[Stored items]
•••
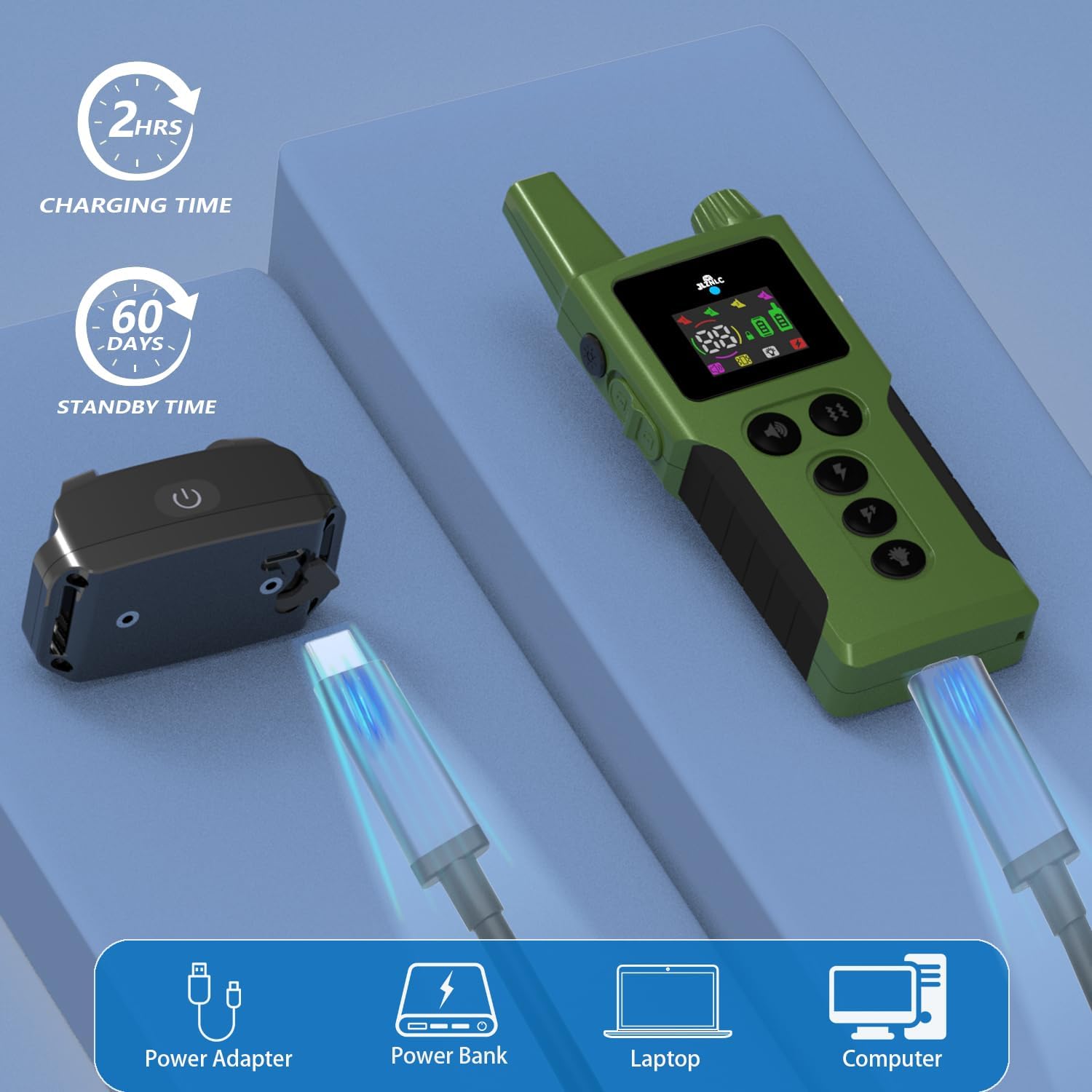 • 【Incredible Battery Life & Quick Charging】 The collar features USB charging with a 2-in-1 fast charging design that takes just 2 hours to fully charge. It offers long-lasting battery life, with up to 30 days of standby time for the collar and 60 days for the remote, reducing the need for frequent recharges
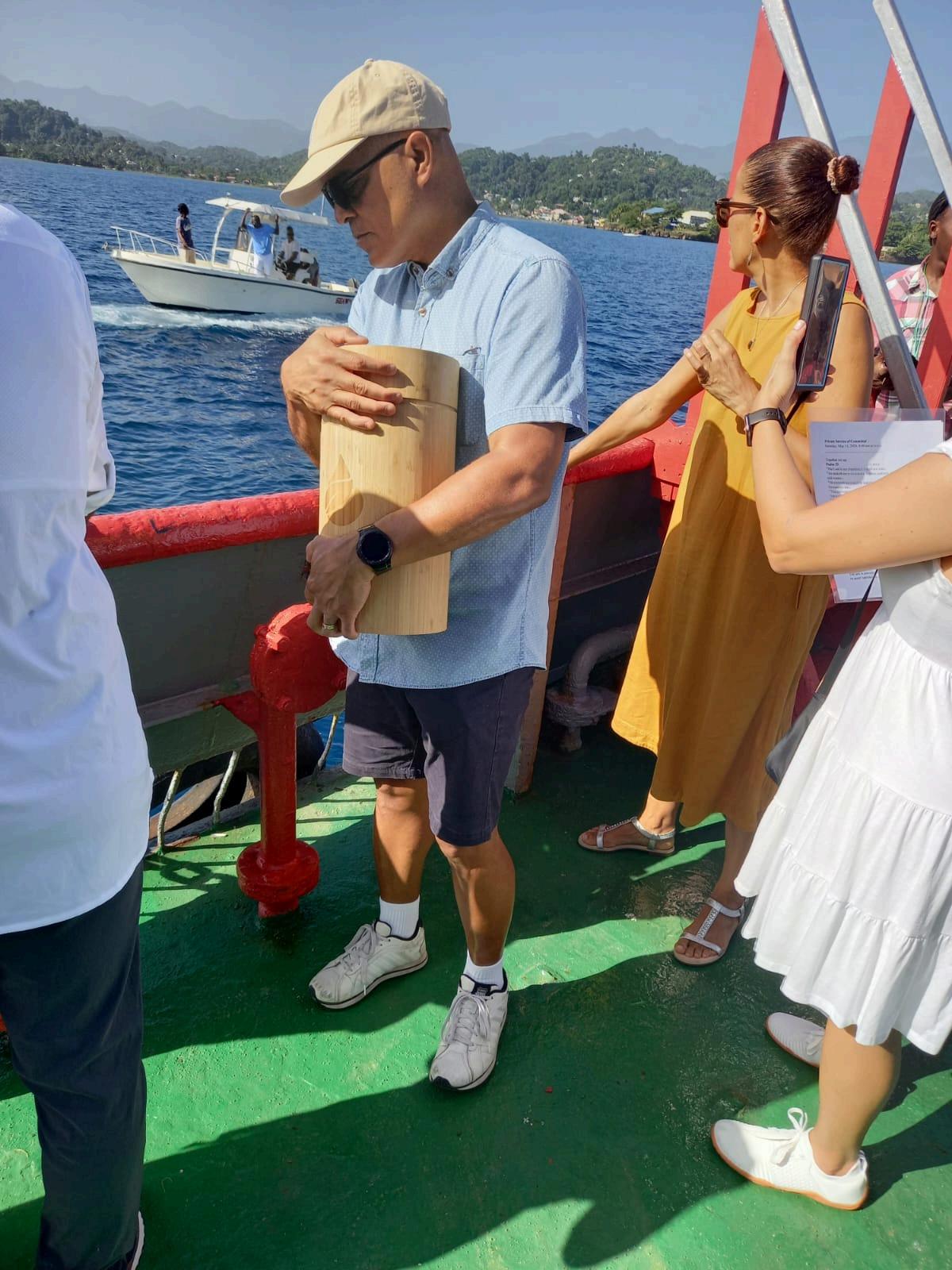 After masterfully taking the George Munro from Port Esquivel to Port Antonio and a month of extensive renovation, CAPTAIN KAREEM ROBINSON brings her to rest in the water With the horns blaring he pays respect with a final SALUTE to Pilot George Munro as his urn is placed in the Caribbean Sea
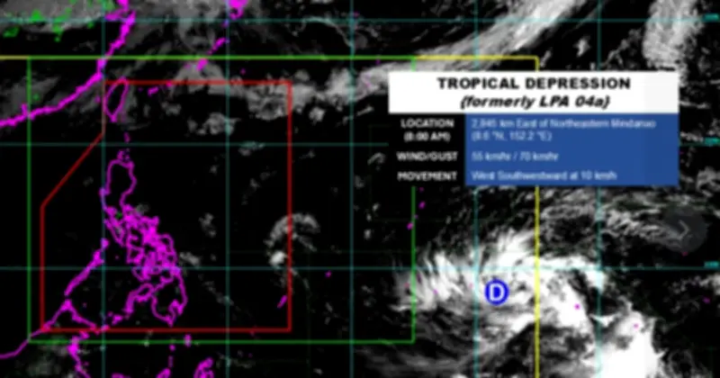 Tính đến 8:00 sáng ngày 09/04/2026, áp thấp nhiệt đới (trước đó được biết đến với mã hiệu LPA 04a) đang được Cục quản lý Thiên văn, Địa vật lý và Khí quyển Philippines (PAGASA) giám sát tích cực, nằm bên ngoài khu vực dự báo chính thức của quốc gia này. Vào lúc 2:00 sáng cùng ngày, tâm của hệ thống được xác định cách vùng Đông Bắc Mindanao khoảng 2.880 km về phía Đông, với sức gió mạnh nhất đạt 55 km/h và có thể giật lên tới 70 km/h. Hiện tại, áp thấp nhiệt đới đang di chuyển chậm theo hướng Tây, và dự kiến sẽ đi vào khu vực giám sát của Philippines (PAR) vào tuần tới, nơi nó sẽ được đặt tên địa phương là Caloy.
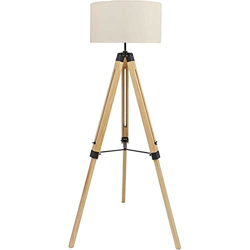 Bakaji Lampada da Terra Regolabile con Base Treppiede in Legno Lampada a Piantana da Lettura Design Moderno con Paralume Faro in Tessuto Lampadine E27 Altezza 145 cm (Beige Stile Scandinavo)
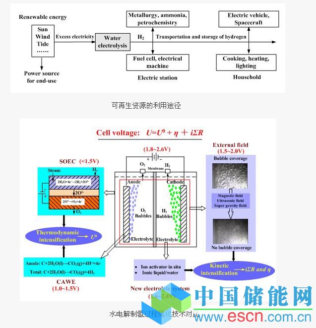 中國儲能網(wǎng)訊:隨著化石能源的枯竭和環(huán)境污染問題的日益突出,可再生能源開發(fā)與應用的步伐逐步加快。然而,受地域性、間歇性和不可存儲性等因素限制,一次再生能源(如太陽能、風能、潮汐能等)的開發(fā)與人類的用電周期并不相適應。利用一次再生能源制取可存儲的氫氣作為二次再生能源,有望成為調(diào)節(jié)可再生能源開發(fā)與人類靈活方面地使用清潔能源的中間載體。從資源、環(huán)境、純度等各方面考慮,水電解制氫具有技術(shù)成熟、原料豐富、過程清潔、氫氣純度高等優(yōu)點,但高的電解能耗成為該技術(shù)的瓶頸,目前世界上僅有不到5%的氫氣是通過水電解的方法制取。因此,在未來要實現(xiàn)再生能源的最大化利用,就必須設法降低水電解制氫的能耗。
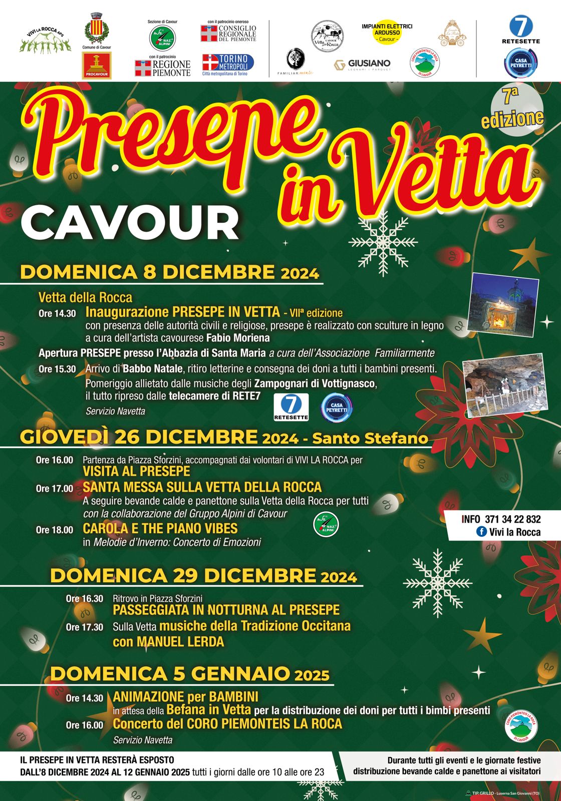 A Cavour, grazie all’impegno dei volontari dell’Associazione Vivi la Rocca, si rinnova, anche quest’anno, la tradizione del suggestivo Presepe in Vetta, la settima edizione di uno dei più spettacolari e scenografici presepi del pinerolese.
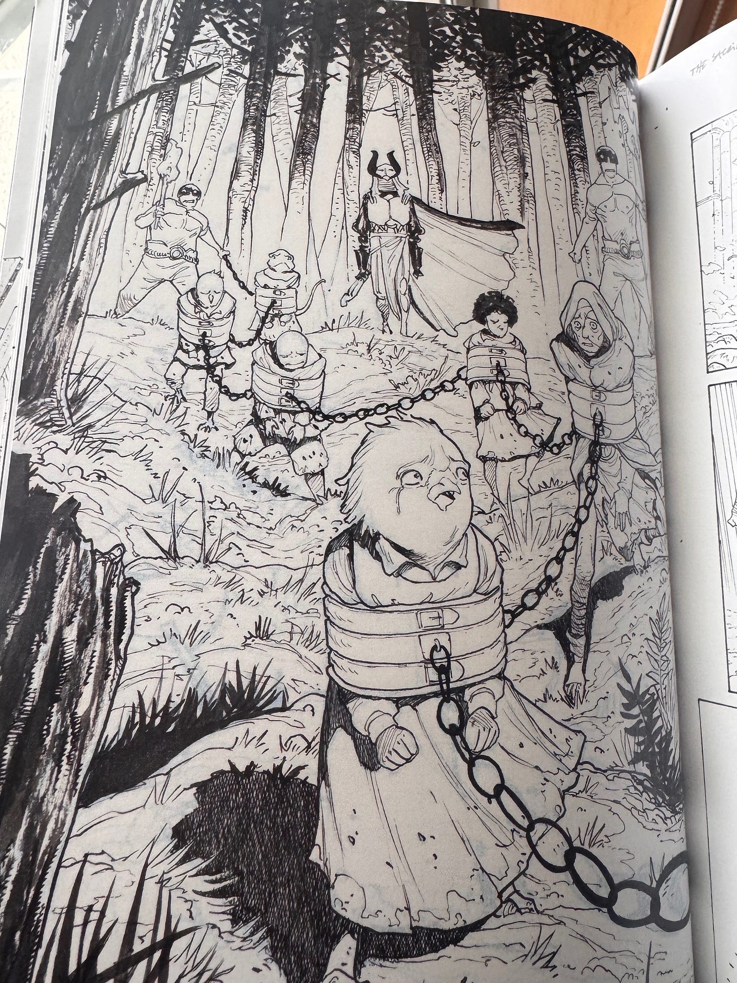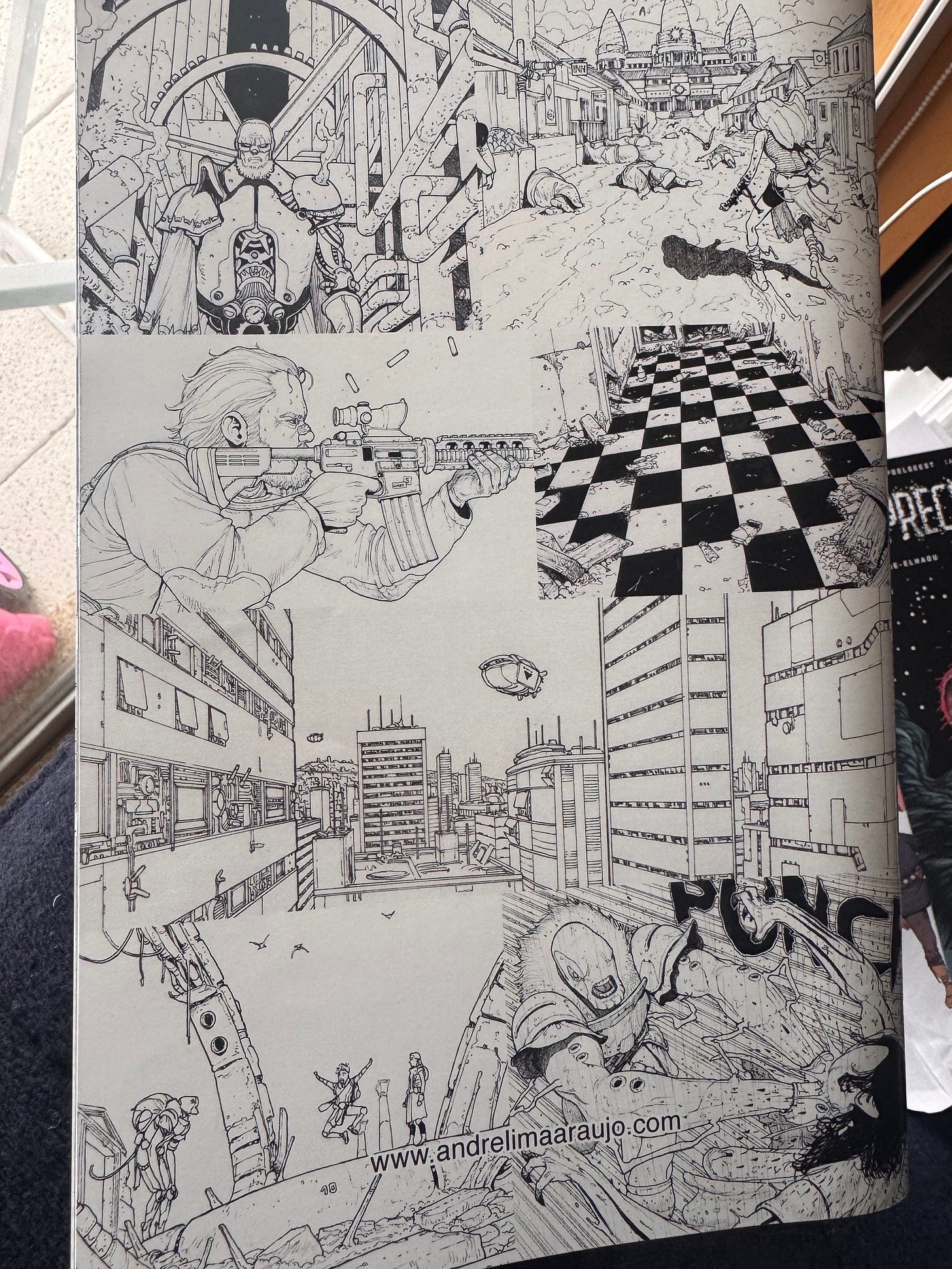I managed to put together a small and simple art book to sell at the convention and other events. It will feature raw scans from my creator owned books and a sample of my cover work, with only small adjustments so you can see the brush strokes, nib lines, white pen and even blue pencils. It’s 50 pages long, with scans from Man Plus, Phenomena, Righteous Thirst and Sacrificers, plus a few covers.
•••
[What is being asked]
Transcribe all entries above exactly. Omit the pictures.

[Exercise output]
 • 【Incredible Battery Life & Quick Charging】 The collar features USB charging with a 2-in-1 fast charging design that takes just 2 hours to fully charge. It offers long-lasting battery life, with up to 30 days of standby time for the collar and 60 days for the remote, reducing the need for frequent recharges
 After masterfully taking the George Munro from Port Esquivel to Port Antonio and a month of extensive renovation, CAPTAIN KAREEM ROBINSON brings her to rest in the water With the horns blaring he pays respect with a final SALUTE to Pilot George Munro as his urn is placed in the Caribbean Sea
 Tính đến 8:00 sáng ngày 09/04/2026, áp thấp nhiệt đới (trước đó được biết đến với mã hiệu LPA 04a) đang được Cục quản lý Thiên văn, Địa vật lý và Khí quyển Philippines (PAGASA) giám sát tích cực, nằm bên ngoài khu vực dự báo chính thức của quốc gia này. Vào lúc 2:00 sáng cùng ngày, tâm của hệ thống được xác định cách vùng Đông Bắc Mindanao khoảng 2.880 km về phía Đông, với sức gió mạnh nhất đạt 55 km/h và có thể giật lên tới 70 km/h. Hiện tại, áp thấp nhiệt đới đang di chuyển chậm theo hướng Tây, và dự kiến sẽ đi vào khu vực giám sát của Philippines (PAR) vào tuần tới, nơi nó sẽ được đặt tên địa phương là Caloy.
 Bakaji Lampada da Terra Regolabile con Base Treppiede in Legno Lampada a Piantana da Lettura Design Moderno con Paralume Faro in Tessuto Lampadine E27 Altezza 145 cm (Beige Stile Scandinavo)
 中國儲能網(wǎng)訊:隨著化石能源的枯竭和環(huán)境污染問題的日益突出,可再生能源開發(fā)與應用的步伐逐步加快。然而,受地域性、間歇性和不可存儲性等因素限制,一次再生能源(如太陽能、風能、潮汐能等)的開發(fā)與人類的用電周期并不相適應。利用一次再生能源制取可存儲的氫氣作為二次再生能源,有望成為調(diào)節(jié)可再生能源開發(fā)與人類靈活方面地使用清潔能源的中間載體。從資源、環(huán)境、純度等各方面考慮,水電解制氫具有技術(shù)成熟、原料豐富、過程清潔、氫氣純度高等優(yōu)點,但高的電解能耗成為該技術(shù)的瓶頸,目前世界上僅有不到5%的氫氣是通過水電解的方法制取。因此,在未來要實現(xiàn)再生能源的最大化利用,就必須設法降低水電解制氫的能耗。
 A Cavour, grazie all’impegno dei volontari dell’Associazione Vivi la Rocca, si rinnova, anche quest’anno, la tradizione del suggestivo Presepe in Vetta, la settima edizione di uno dei più spettacolari e scenografici presepi del pinerolese.
I managed to put together a small and simple art book to sell at the convention and other events. It will feature raw scans from my creator owned books and a sample of my cover work, with only small adjustments so you can see the brush strokes, nib lines, white pen and even blue pencils. It’s 50 pages long, with scans from Man Plus, Phenomena, Righteous Thirst and Sacrificers, plus a few covers.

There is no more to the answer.